In the patch, a float value in the range 0.0 (inclusive) to 1.0 (exclusive) represents the parameter setting, and can be retrieved like so:

    float gain = getParameterValue(PARAMETER_A);

To set the value of an output parameter (e.g. a parameter assigned to a CV output) use setParameterValue(). Again the value should be in the rage [0, 1).

  void setParameterValue(PatchParameterId pid, float value);

Buttons, Gates and Triggers

Buttons can be read with isButtonPressed():

if(isButtonPressed(BUTTON_B))

Additionally a callback method exists which you can override to handle button changes:

  void buttonChanged(PatchButtonId bid, uint16_t value, uint16_t samples){
    switch(bid){
    case BUTTON_A:
...

Output trigger/gates can be controlled with setButton():

  setButton(PUSHBUTTON, true);

Audio

The first class you should get familiar with is FloatArray, which contains a single channel of audio. It is delivered to you in an AudioBuffer which may hold several channels of audio, in the processAudio() callback.

  void processAudio(AudioBuffer &buffer){
    FloatArray left = buffer.getSamples(LEFT_CHANNEL);
    FloatArray right = buffer.getSamples(RIGHT_CHANNEL);

FloatArray is written so that you can pretend that it is an array of floats, or a float*.

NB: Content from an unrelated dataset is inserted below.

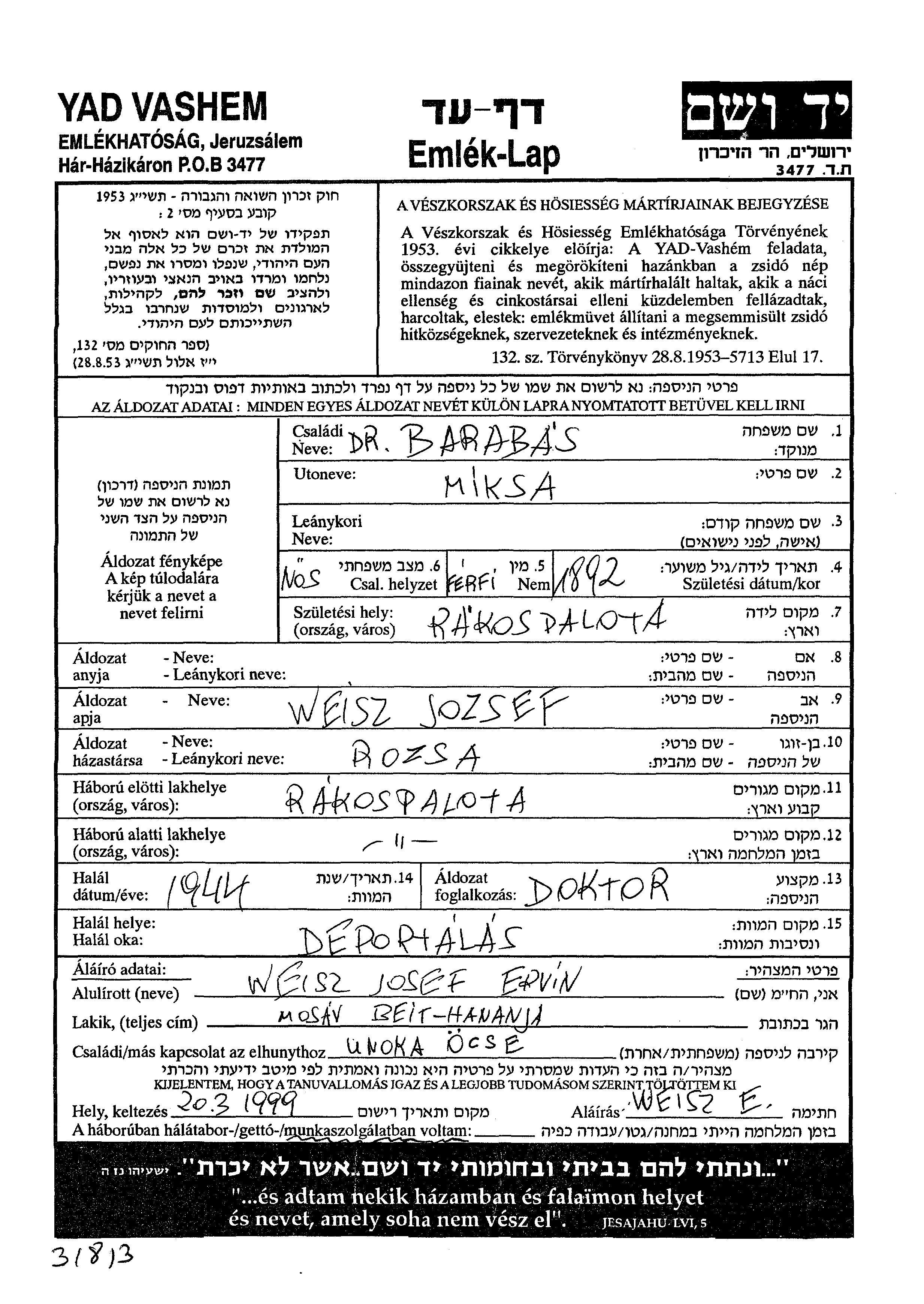 Miksa Barabas est né à Rakospalota, Hongrie en 1892, fils de Jozsef et de Rozsa. Il était Médecin et Marié. Avant la seconde guerre mondiale il vivait à Rakospalota, Hongrie. Au cours de la guerre, il était à Rakospalota, Hongrie.

   float sample = left[i];

The job of an OWL Patch is to replace the incoming audio samples with some new output audio. The same FloatArray object is used for both purposes: first you read the samples, then you write them. A simple stereo gain patch that multiplies each sample by a scalar could look like this:

class GainPatch : public Patch {
public:
  GainPatch(){
    registerParameter(PARAMETER_A, "Gain");
  }

  void processAudio(AudioBuffer &buffer){
    float gain = getParameterValue(PARAMETER_A);
    FloatArray left = buffer.getSamples(LEFT_CHANNEL);
    FloatArray right = buffer.getSamples(RIGHT_CHANNEL);
    for(int i=0; i<buffer.getSize(); ++i){
      left[i] = gain*left[i];
      right[i] = gain*right[i];
    }
  }
};

FloatArray defines many useful methods. In this case, instead of iterating over each sample in the buffer, we could have just called:

   left.multiply(gain);

to scale every sample in the buffer. For more information see the FloatArray API.

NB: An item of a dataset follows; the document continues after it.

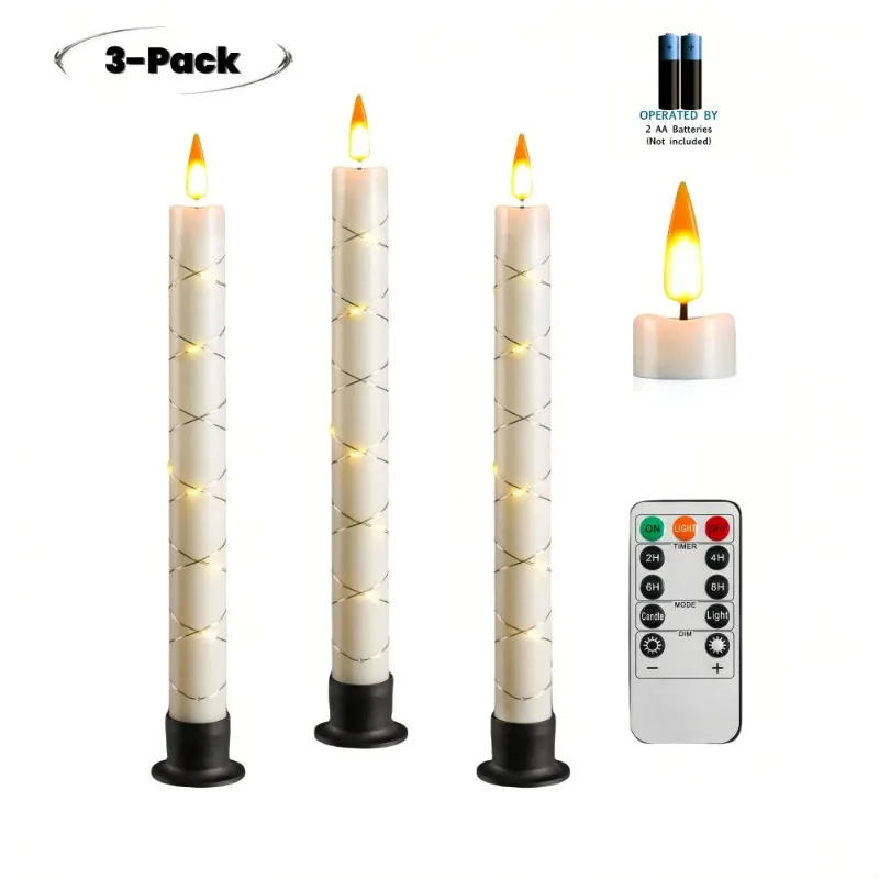 - **3 x Taper Candles with 1 x 11-Key Remote with 3 non-slip candle holders

FloatArrays are also very useful for other things, like delay buffers, samples, filter coefficients. To allocate a new FloatArray on the heap, use its static create() and destroy() methods, and make sure to only do this within the call stack of the patch constructor and destructor. The same applies to many other classes in our library. On an embedded device, we don't want to allocate any memory in the audio processing functions, because this will lead to fragmentation and a heap of problems. So to speak. So instead we call our create() and destroy() functions like this:

class EchoPatch : public Patch {
private:
  FloatArray buffer;
public:
  EchoPatch(){
    registerParameter(PARAMETER_A, "Gain");
    // create a 1024 samples long buffer
    buffer = FloatArray::create(1024);
  }
  ~EchoPatch(){
    FloatArray::destroy(buffer);
  }
};

FloatArray is a very light-weight object (it only wraps a float* and a size_t) which is why we use value semantics instead of pointers or references. Other objects, such as BiquadFilter (used for cascaded high/low/notch/shelf filters), are passed by pointer.

MIDI

Incoming MIDI messages are passed on to the processMidi() callback method. Override this to provide your own MIDI handling procedures:

  void processMidi(MidiMessage msg){
    if(msg.isNoteOn()){
...

To send MIDI messages, use sendMidi(MidiMessage msg). The MidiMessage class has convencience functions for creating common message types:

      sendMidi(MidiMessage::note(channel, note, velocity));

See the MidiMessage API for more useful information.

Screen Patches

For hardware that have an OLED screen (such as Magus) you can write to its screen buffer directly in a callback method. To enable the callback, instead of extending the Patch base class, extend MonochromeScreenPatch, and overload its processScreen() callback:

class MyScreenPatch : public MonchromeScreenPatch {
    void processScreen(MonochromeScreenBuffer& screen){
       ...
    }
};

Most common draw functions are available in the ScreenBuffer class, such as drawLine(), drawCircle() and drawRectangle(), and methods for writing text. See the ScreenBuffer API for details.